Rules Separate Mentally Ill From Treatment

Sandi Mitchell and her sons pay their respects to Officer Michael Garbarino, who was shot by a mentally ill man at the Sully District police station.
Sandi Mitchell and her sons pay their respects to Officer Michael Garbarino, who was shot by a mentally ill man at the Sully District police station. (By Jahi Chikwendiu -- The Washington Post)
By Tom Jackman
Washington Post Staff Writer
Monday, May 29, 2006

There are discussions about mental health, debates about dollars, demands for more beds, mostly in general terms at the top of political and policy food chains.

Then there is real life -- and real consequences. Check out the first two weeks of this month:

May 1: A mentally ill 22-year-old man is convicted of murder for beheading his aunt in Arlington.

May 8: A mentally ill 18-year-old man drives into a police parking lot in Fairfax County, fatally shoots two police officers, then is shot and killed by police.

May 12: A mentally ill 24-year-old man allegedly stabs his mother to death in Fairfax City, then uses duct tape to seal the bathroom, where her body is found.

May 14: A mentally ill 18-year-old man in Anne Arundel County stabs himself, then menaces police and demands that they shoot him, which they eventually do. He dies.

The pace of violence hardly surprises those who deal with the mentally ill every day: social workers, police, parents, lawyers. They know how hard it is to get a sick person treatment, how few resources are available, how the money for help has declined.
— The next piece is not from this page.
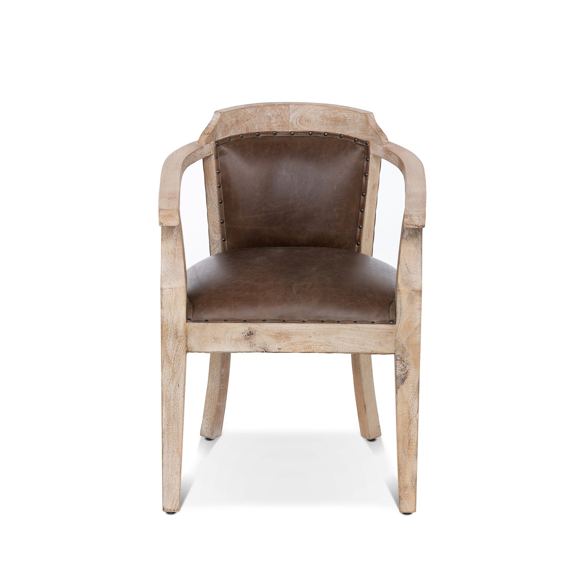 Our Colton Occasional Chair is a hand-crafted seat. The natural mango wood is lightly whitewashed, its curved frame and high arms expertly assembled. The light wood is juxtaposed by dark brown, aged buffalo leather secured with iron nail heads. This striking contrast makes this chair the perfect design accent in a modern rustic space.

And when a Michael Kennedy sprays a police parking lot with bullets, or a Matthew Pahno chokes his aunt to death and decapitates her, the veterans of the system bite their tongues and hope that the money and resources will somehow materialize.

Where once getting treatment for mental illness was almost too easy, causing psychiatric centers to become dumping grounds for the healthy and the sick, some experts said the pendulum has swung too far the other way, with most states requiring proof of a person's "imminent danger" to themselves or others before giving them treatment.

"Right now, we only deal with the extreme cases," said John C. Whitbeck Jr., a Leesburg lawyer who oversees a George Mason University law school program that helps families seeking help from the courts for mentally ill relatives in civil commitment hearings. "And that's not getting anything done because so many people need to be addressed at the middle level."

Whitbeck said a busy treatment center such as Fairfax County's Woodburn center in Annandale might evaluate 25 or 30 people in a single night but recommend perhaps four for further help. "There's nothing to address all these other people," he said.

"There've been increasing pressures to reduce beds everywhere," said Robert W. Keisling, former head of emergency psychiatric services in the District. "And there's been a dumbing down of the hospital system. Some of the folks doing assessments are not psychologists or psychiatrists, and there are a lot of stupid assessments being made."